TPA Internacional (styled TPAi in 2021-2022, during the first few days of the 2022 TPA rebrand, TPA 3) was the international channel of Televisão Pública de Angola, created in 2008 to cater to the Angolan diaspora. The channel was initially outsourced to Westside Investments, by arrangement with Semba Comunicação, until 2017; from then until its closure, the channel was managed directly by TPA. It shut down in 2022, being replaced by TPA Notícias.

==History==
The public revealing of the channel was scheduled for 24 July 2008, with a tentative launch date set for "late July, early August", according to Westside officials. After Portugal, Westside hoped to launch it in other European countries. ZON was the first company to negotiate with Westside to carry the new channel. The Portuguese production company Até ao Fim do Mundo made the graphic identity for the channel, after doing so for TPA 2, where it also produced some content. The channel started broadcasting on 28 July 2008 on the ZON cable platform in Portugal.
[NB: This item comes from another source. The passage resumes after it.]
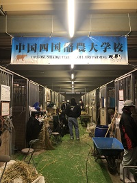 参加した学生 富士山を望む出品牛舎 横断幕を掲げPR
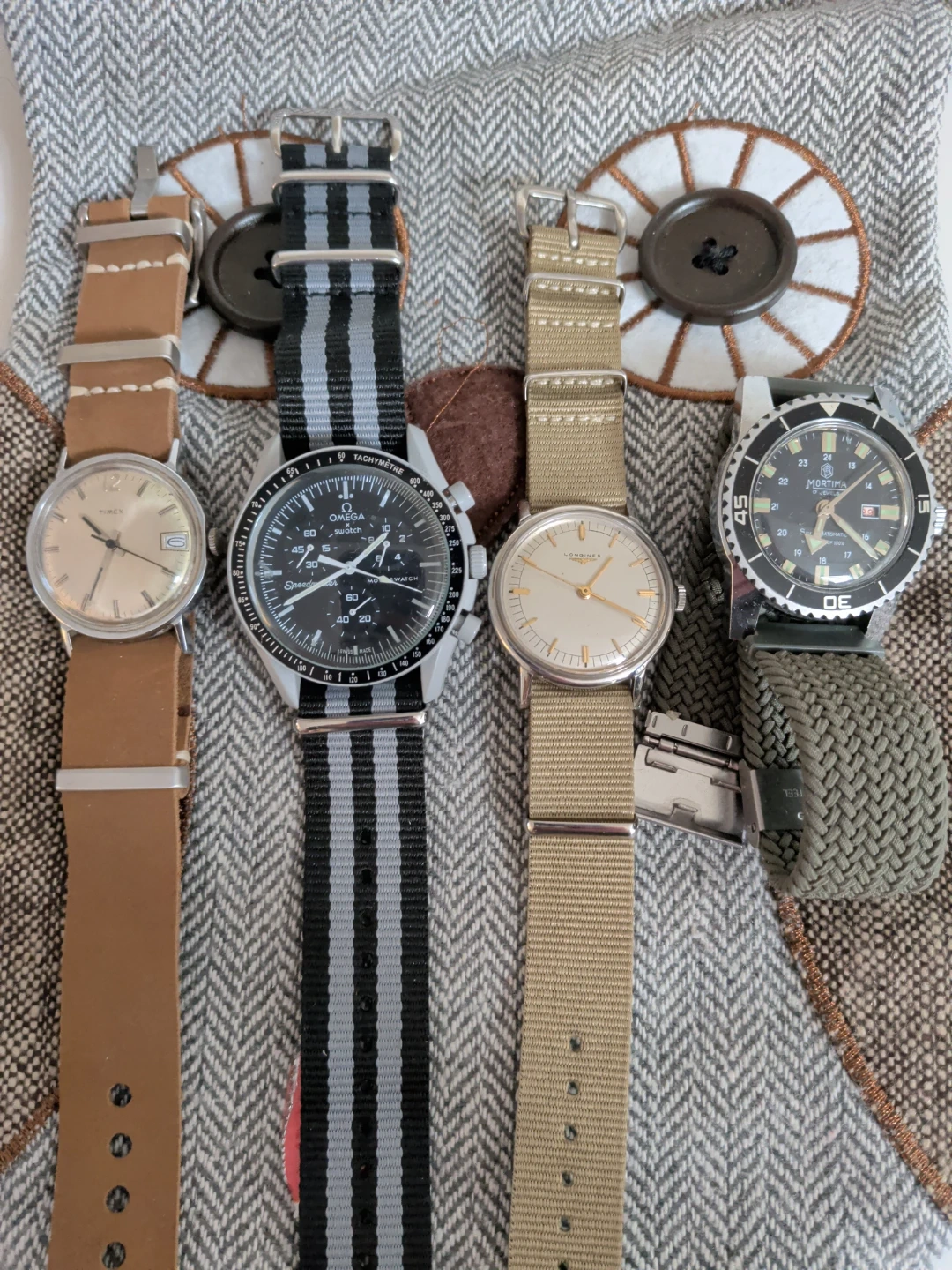 Four distinct watches for collectors. Includes an Omega Speedmaster, a Timex 1960's, a classic 1960's Longines timepiece(not original crystal face), and a vintage Mortima diver watch. This assortment offers a variety of styles and brands for watch enthusiasts. All watches in great shape, bands are brand new.... Not a watch expert, so that's it.

The channel covered its first major event on September 5, that year's parliamentary elections. The channel dedicated ten hours to the electoral proceedings in two blocks (6am to 1pm and 5pm to 8pm), as well as a special edition of TPA 2's Jornal Nacional.

In 2009, it broadcast the TPA 1 telenovela Minha Terra, Minha Mãe.

Following the election of João Lourenço and the "witch hunt" given to the companies owned by Isabel dos Santos and her family, TPA cancelled its contract with Westside Investments, which had been valid since 2008, for the management of the international channel. The initial plans were to proceed to an immediate closure of the channel, in order to resume "in the quickest lapse of time available", with a new director put up under TPA's directorate and influence.

Logo used from 30 May 2022 to early June 2022, before the name reverted to TPA Internacional

With the relocation of TPA to new premises and the start of high definition broadcasts, TPA announced that it would shut down TPA Internacional, replacing it with TPA Notícias. The channel was supposed to change to the new service by 15 July; eventually, the new channel took over TPA Internacional's slot on 18 July.